(Stored data)
——————————

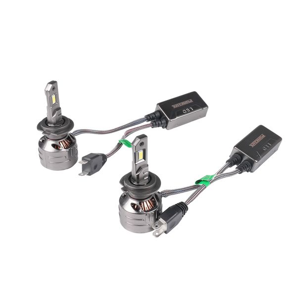 Højtydende LED-lamper med H7-sokkel, der giver op til 400 % mere lys sammenlignet med almindelige halogenlamper! Pakken indeholder 2 LED-pærer, angivet lysstrøm 5000 lm pr. pære, farvetemperatur 4300 K eller 6000 K.
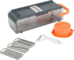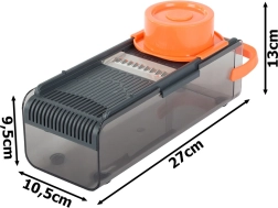 Den multifunktionelle skæremaskine og rivejern er designet til at lette din daglige madlavning. Den leveres med fire udskiftelige vedhæftninger, der passer til forskellige behov i dit køkken. Den gennemsigtige beholder med låg muliggør nem opbevaring af ingredienser i køleskabet uden at miste deres friskhed.
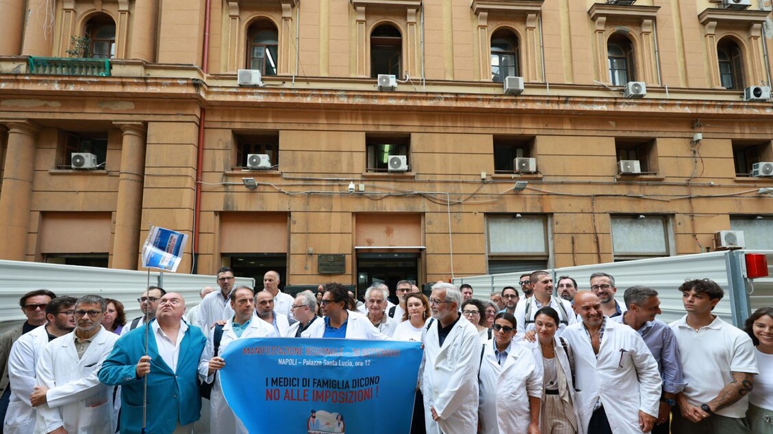 “Chiedete ai candidati alla presidenza della Campania perché i medici di famiglia stanno scappando e rischiamo di non averne più”. È l’appello lanciato da Salvatore Caiazza, medico di base dell’Asl Napoli 2, durante la protesta organizzata oggi davanti alla sede della Regione, dove circa un centinaio di camici bianchi si è mobilitato contro la nuova normativa nazionale che impone ai medici di medicina generale di prestare servizio anche nelle Case di Comunità, con orari stabiliti dalle Asl.
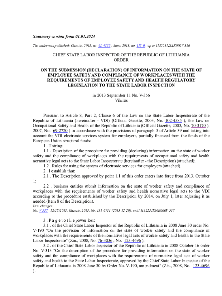 Summary version from 01.01.2024 The order was published: Gazette. 2013, no. 984885 ; know 2013, no. 1180 , up to 1132231ISAK000V356CHIEF STATE LABOR INSPECTOR OF THE REPUBLIC OF LITHUANIA ORDER ON
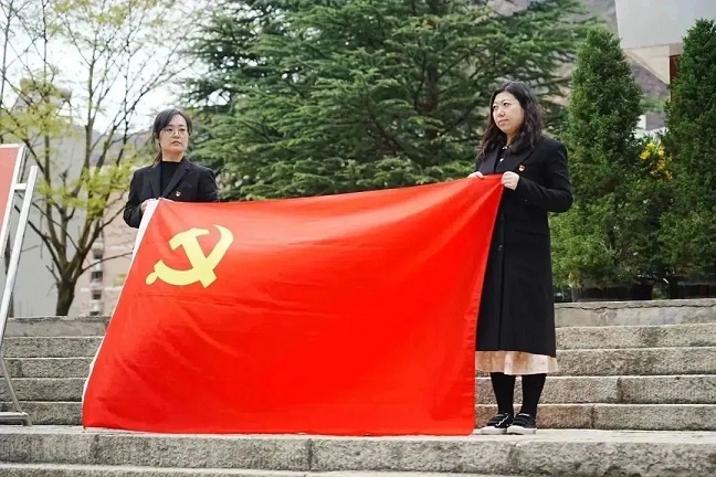 鞠躬仪式结束后,党员代表再次站齐,在学院党委书记、院长赵崇华同志带领下,庄重地向着鲜艳的党旗注目,右手握拳,庄严宣誓,重温入党誓词。入党誓词的庄严声音在空旷的广场中回响。

——————————

▶ _WHAT YOU NEED TO DO_: With the pictures left out, output all the entries exactly.

▶ _TASK RESULT_:
 Højtydende LED-lamper med H7-sokkel, der giver op til 400 % mere lys sammenlignet med almindelige halogenlamper! Pakken indeholder 2 LED-pærer, angivet lysstrøm 5000 lm pr. pære, farvetemperatur 4300 K eller 6000 K.
 Den multifunktionelle skæremaskine og rivejern er designet til at lette din daglige madlavning. Den leveres med fire udskiftelige vedhæftninger, der passer til forskellige behov i dit køkken. Den gennemsigtige beholder med låg muliggør nem opbevaring af ingredienser i køleskabet uden at miste deres friskhed.
 “Chiedete ai candidati alla presidenza della Campania perché i medici di famiglia stanno scappando e rischiamo di non averne più”. È l’appello lanciato da Salvatore Caiazza, medico di base dell’Asl Napoli 2, durante la protesta organizzata oggi davanti alla sede della Regione, dove circa un centinaio di camici bianchi si è mobilitato contro la nuova normativa nazionale che impone ai medici di medicina generale di prestare servizio anche nelle Case di Comunità, con orari stabiliti dalle Asl.
 Summary version from 01.01.2024 The order was published: Gazette. 2013, no. 984885 ; know 2013, no. 1180 , up to 1132231ISAK000V356CHIEF STATE LABOR INSPECTOR OF THE REPUBLIC OF LITHUANIA ORDER ON
 鞠躬仪式结束后,党员代表再次站齐,在学院党委书记、院长赵崇华同志带领下,庄重地向着鲜艳的党旗注目,右手握拳,庄严宣誓,重温入党誓词。入党誓词的庄严声音在空旷的广场中回响。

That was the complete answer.